As Ion Mihai Pacepa, onetime director of the Romanian espionage service (DIE), later explained, the PLO was conceived at a time when the KGB was creating “liberation front” organizations throughout the Third world. Others included the National Liberation Army of Bolivia, created in 1964 with help from Ernesto “Che” Guevara, and the National Liberation Army of Colombia, created in 1965 with help from Fidel Castro. But the PLO was the KGB’s most enduring achievement.
In 1964, the first PLO Council, consisting of 422 Palestinian representatives handpicked by the KGB, approved the Soviet blueprint for a Palestinian National Charter—a document drafted in Moscow—and made Ahmad Shukairy, the KGB’s agent of influence, the first PLO chairman. The Romanian intelligence service was given responsibility for providing the PLO with logistical support. Except for the arms, which were supplied by the KGB and the East German Stasi, everything, according to Ion Pacepa, “came from Bucharest. Even the PLO uniforms and the PLO stationery were manufactured in Romania free of charge, as a ‘comradely help.’ During those years, two Romanian cargo planes filled with goodies for the PLO landed in Beirut every week.”

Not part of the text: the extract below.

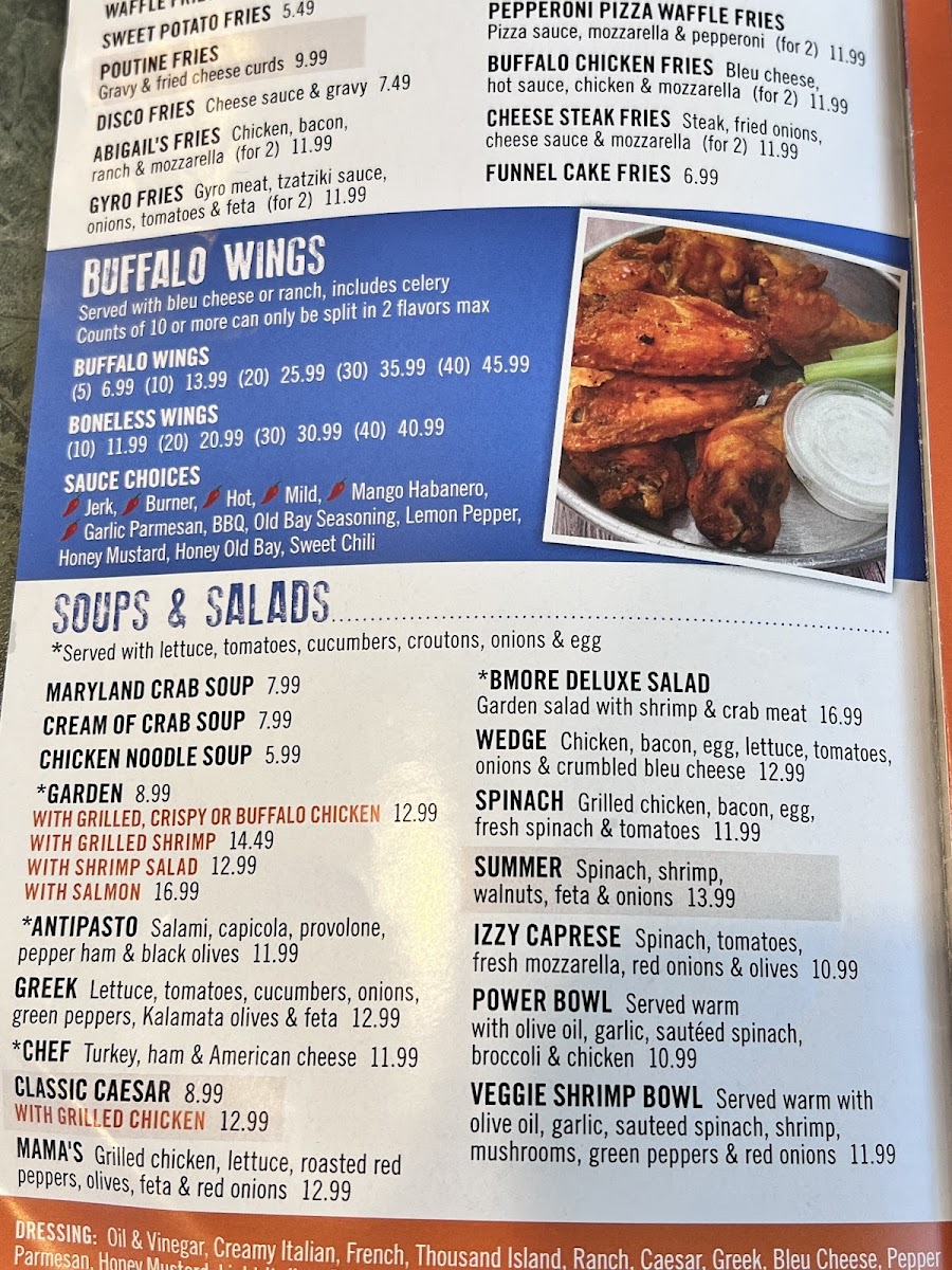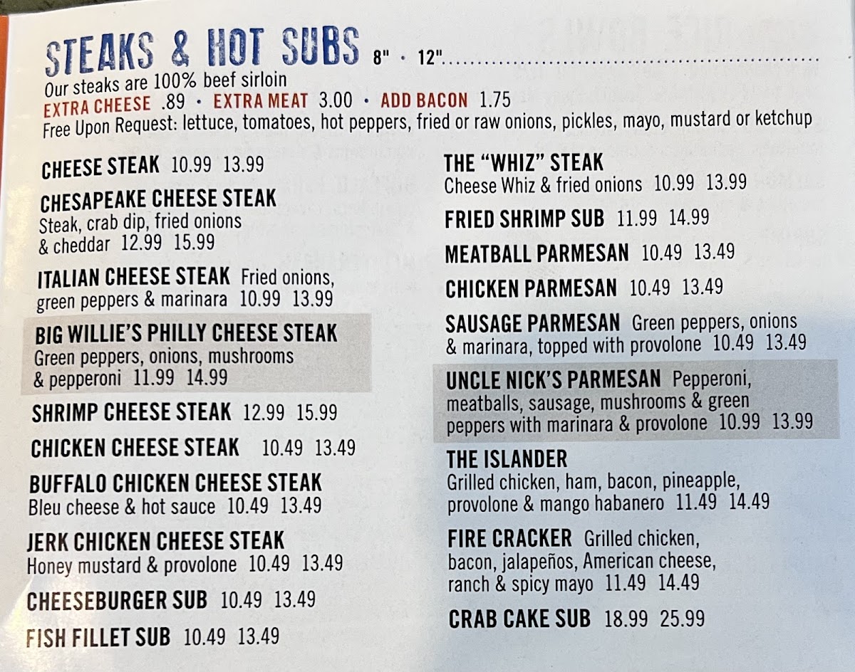 A baltimore favorite. Ribeye steak meat mixed with homemade crab dip and topped with cheddar cheese on a toasted roll.

The PLO came on the scene at a critical moment in Middle East history. At the Khartoum conference held shortly after the Six-Day war, the defeated and humiliated Arab states confronted the “new reality” of an Israel that seemed unbeatable in conventional warfare. The participants of the conference decided, among other things, to continue the war against Israel as what today would be called a “low intensity conflict.” The PLO’s Fatah forces were perfect to carry out this mission.
The Soviets not only armed and trained Palestinian terrorists but also used them to arm and train other professional terrorists by the thousands. The International Department of the Central Committee of the Communist Party (CPSU), the Soviet Security Police (KGB), and Soviet Military Intelligence (GRU) all played major roles in this effort. From the late 1960s onwards, moreover, the PLO maintained contact with other terror groups—some of them neo-Nazi and extreme right-wing groups—offering them support and supplies, training and funding.
The Soviets also built Moscow’s Patrice Lumumba People’s Friendship University to serve as a base of indoctrination and training of potential “freedom fighters” from the Third world. More specialized training in terrorism was provided at locations in Baku, Odessa, Simferopol, and
Tashkent. Mahmoud Abbas, later to succeed Yassir Arafat as head of the PLO, was a graduate of Patrice Lumumba U, where he received his Ph.D. in 1982 after completing a thesis partly based on Holocaust denial.
Cuba was also used as a base for terrorist training and Marxist indoctrination, part of a symbiotic relationship between its revolutionary cadre and the PLO. The Cuban intelligence service (DGI) was under the direct command of the KGB after 1968. Palestinian terrorists were identified in Havana as early as 1966; and in the 1970s DGI representatives were dispatched to PLO camps in Lebanon to assist terrorists being nurtured by the Popular Front for the Liberation of Palestine (PFLP). In late April 1979, an agreement was reached for the PFLP to have several hundred of its terrorists trained in Cuba, following a meeting between its chief George Habash and Cuban officials.